O João Tenório Cavalcante, de Maringá, no lugar da metralhadora, carregava um machado. Era um sujeito da lida, que se transformou num dos maiores desbravadores do norte e noroeste do Paraná. Dele, Duque Estrada escreveu: “Dirigia uma turma que chegou a integrar 800 homens – um verdadeiro exército de machadeiros – que liquidou o maior perobal do mundo, reduzindo grande parte a cinzas, nas queimadas que somavam léguas”.
Segundo o escritor, no meio do ano, a fumaça produzia uma “bruma seca” que dificultava os voos de teco-teco, comuns naquela época. No rastro de Tenório e seus homens centenas de empreiteiros punham fogo nas árvores derrubadas. Aproveitavam a madeira e preparavam o terreno para o plantio de café e cereais. Duque Estrada diz que “dava pena a chacina de gigantescos troncos, com séculos de existência, deitados inermes sobre a terra, com as entranhas a fervilhar em fogo”.

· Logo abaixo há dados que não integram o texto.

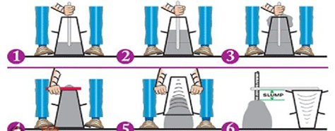 روش اندازهگیری: اسلامپ با وارونه کردن مخروط اسلامپ و استفاده از میله تراکم به عنوان مرجع اندازهگیری میشود.

Pau-marfim, cedro, figueira, pau-d’alho, jaracatiá e muita peroba-rosa tombavam. Após a derrubada, os empreiteiros contratavam outro batalhão de homens para fazer as covas e o plantio do café. A peonada se acomodava em ranchos de palmitos, dormia em rede ou estrado de madeira em meio a um enxame de mosquitos. Duque Estrada conta que alguns se sucumbiam à picada de jararacas, cascáveis ou urutus. Morriam com a queda de algum galho na cabeça ou na ponta de uma faca resultado de um entrevero por um pedaço de fumo.
Após a derrubada, a queimada e o plantio do café, chegavam os colonos, que construíam casas de madeira. Em meio ao cafezal, eles plantavam feijão, arroz e milho. Criavam porcos, aves, cavalos, burros e mulas. Enquanto a colheita não chegava, recorriam ao fornecedor, dono de uma casa de secos e molhados. Em Maringá, havia as de Napoleão Moreira da Silva e Ângelo Planas.
Não se sabe muito do João Tenório Cavalcante maringaense. Pernambucano, casado, tinha seis filhos, ele chegou a Maringá na década de 1940. Nascido em Bom Conselho, a 282 quilômetros do Recife, foi um dos muitos que se aventuraram para o norte do Paraná. Em entrevista à RT, em 2017, o pioneiro Hélio Colicchio contou que Tenório fora um grande empreiteiro. “Na maioria das vezes, ele recebia fazendas de mata virgem e entregava ao proprietário com o café plantado”, declarou.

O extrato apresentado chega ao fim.